**Exercise directions:** Find, in the records below, the line that contains "she fought Speedy." and the line that contains "По итогам марта". Copy those two lines and everything between them exactly, but not the pictures.

+++++

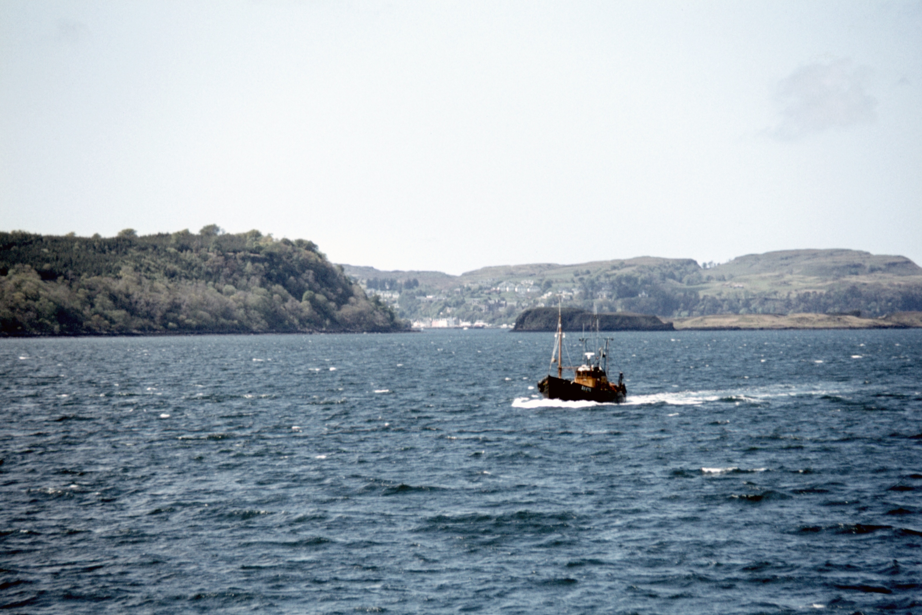 I started with the 08:04 train to Oban arriving at 11:15, then the 12:00 sailing on mv Caledonia to Craignure for the 12:50 bus to Tobermory (had to pay £1.35 each way) arriving at 13:35. After a stroll out to Rubha nan Gall, it was the 15:30 bus back to Craignure for the 17:00 sailing to Oban where I stayed in the Youth Hostel (£2.30).
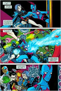 - In "Titans East - Part 2", Raven, along with the rest of the Teen Titans responded to Cyborg's call for help in the Titans East tower and fought Más y Menos with Beast Boy, and she fought Speedy.
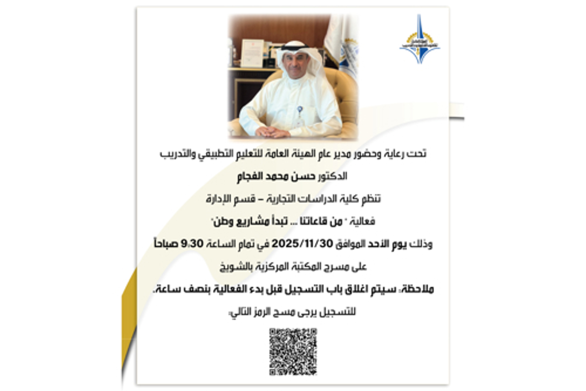 برعاية مدير عام الهيئة العامة للتعليم التطبيقي والتدريب د.حسن الفجام يدعوكم عميد كلية الدراسات التجارية د.فارس الحيان.
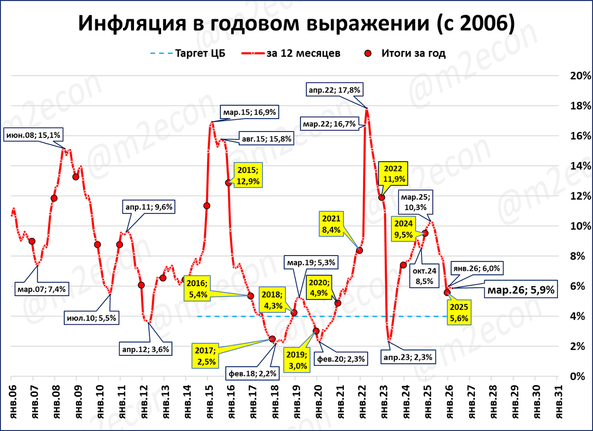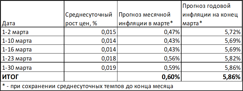 По итогам марта инфляция составила 5,86% годовых. Это ниже чем в феврале (5,91%).
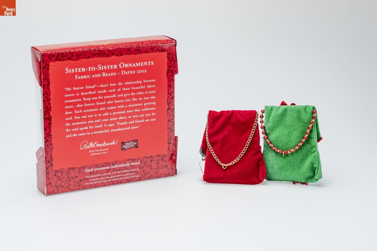 SISTER-TO-SISTER ORNAMENTS / FABRIC AND BEADS - DATED 2003 / "My forever friend" --that's how the relationship between / sisters is described inside each of these beautiful fabric / ornaments. Keep one for yourself, and give the other to your / sister...that forever friend who knows you like no one else / does. Each ornament also comes with a miniature greeting / card. You can use it to add a personal note that celebrates / the memories you and your sister share, or you can just let / the card speak for itself. It says, "Family and friend are one / and the same in a wonderful, warmhearted sister." / Ruth Donikowski / Hallmark Artist / HOLIDAY / MEMORY CARD / ENCLOSED / Each ornament individually boxed / For decorative use only. Not for children under 8 / Concues a des fins decoratives seulement. / Ne conviennent pas aux enfants de moins de 8 ans.

+++++

**Exercise output:**
 - In "Titans East - Part 2", Raven, along with the rest of the Teen Titans responded to Cyborg's call for help in the Titans East tower and fought Más y Menos with Beast Boy, and she fought Speedy.
 برعاية مدير عام الهيئة العامة للتعليم التطبيقي والتدريب د.حسن الفجام يدعوكم عميد كلية الدراسات التجارية د.فارس الحيان.
 По итогам марта инфляция составила 5,86% годовых. Это ниже чем в феврале (5,91%).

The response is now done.